Source data –

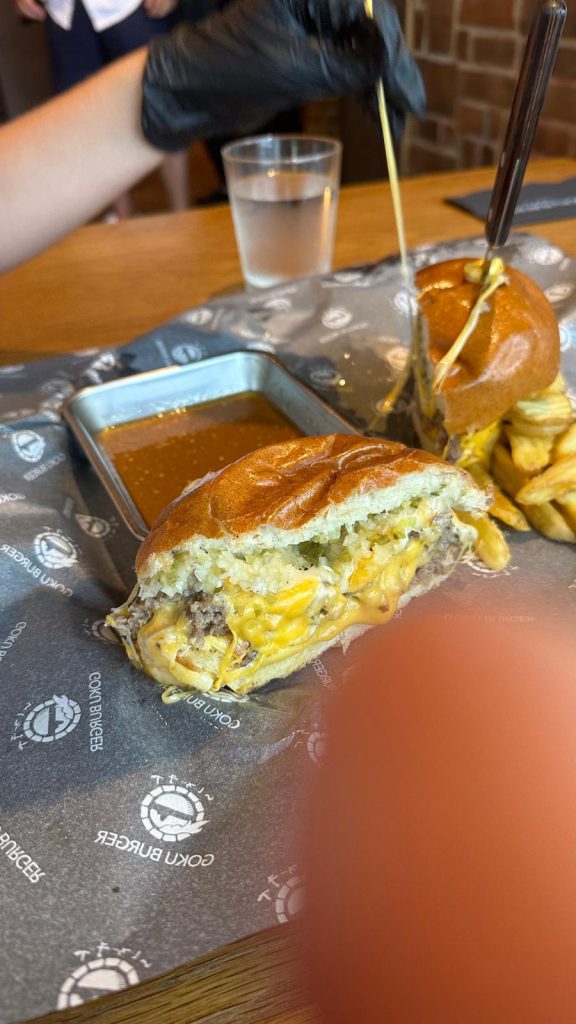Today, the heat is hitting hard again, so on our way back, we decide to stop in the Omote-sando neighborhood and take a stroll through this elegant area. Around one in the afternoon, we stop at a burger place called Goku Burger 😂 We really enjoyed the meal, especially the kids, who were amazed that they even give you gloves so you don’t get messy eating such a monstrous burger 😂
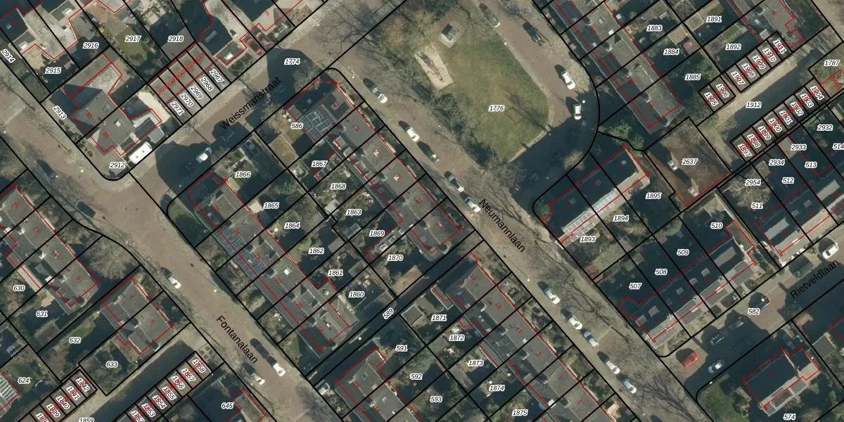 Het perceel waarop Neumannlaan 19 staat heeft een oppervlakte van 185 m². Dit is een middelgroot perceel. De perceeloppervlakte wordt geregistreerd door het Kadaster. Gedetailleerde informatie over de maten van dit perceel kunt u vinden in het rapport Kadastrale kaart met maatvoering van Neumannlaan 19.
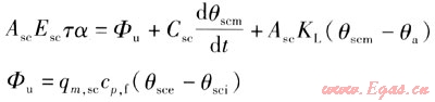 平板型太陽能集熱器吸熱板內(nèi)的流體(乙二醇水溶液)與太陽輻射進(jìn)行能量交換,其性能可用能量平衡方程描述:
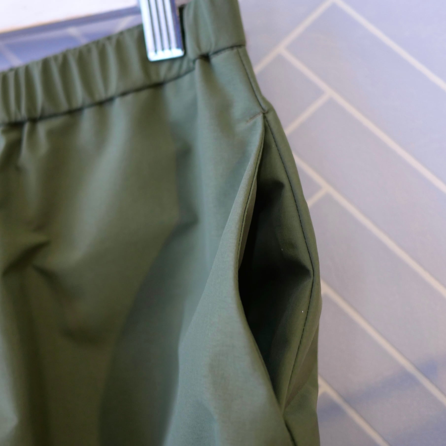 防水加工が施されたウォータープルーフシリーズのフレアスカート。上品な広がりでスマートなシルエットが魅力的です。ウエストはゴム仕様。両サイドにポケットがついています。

Work to complete – Without the pictures, please reproduce each line of the listing above exactly, from the first one through the line bearing "平板型太陽能集熱器吸熱板內(nèi)的流".

Response –
Today, the heat is hitting hard again, so on our way back, we decide to stop in the Omote-sando neighborhood and take a stroll through this elegant area. Around one in the afternoon, we stop at a burger place called Goku Burger 😂 We really enjoyed the meal, especially the kids, who were amazed that they even give you gloves so you don’t get messy eating such a monstrous burger 😂
 Het perceel waarop Neumannlaan 19 staat heeft een oppervlakte van 185 m². Dit is een middelgroot perceel. De perceeloppervlakte wordt geregistreerd door het Kadaster. Gedetailleerde informatie over de maten van dit perceel kunt u vinden in het rapport Kadastrale kaart met maatvoering van Neumannlaan 19.
 平板型太陽能集熱器吸熱板內(nèi)的流體(乙二醇水溶液)與太陽輻射進(jìn)行能量交換,其性能可用能量平衡方程描述:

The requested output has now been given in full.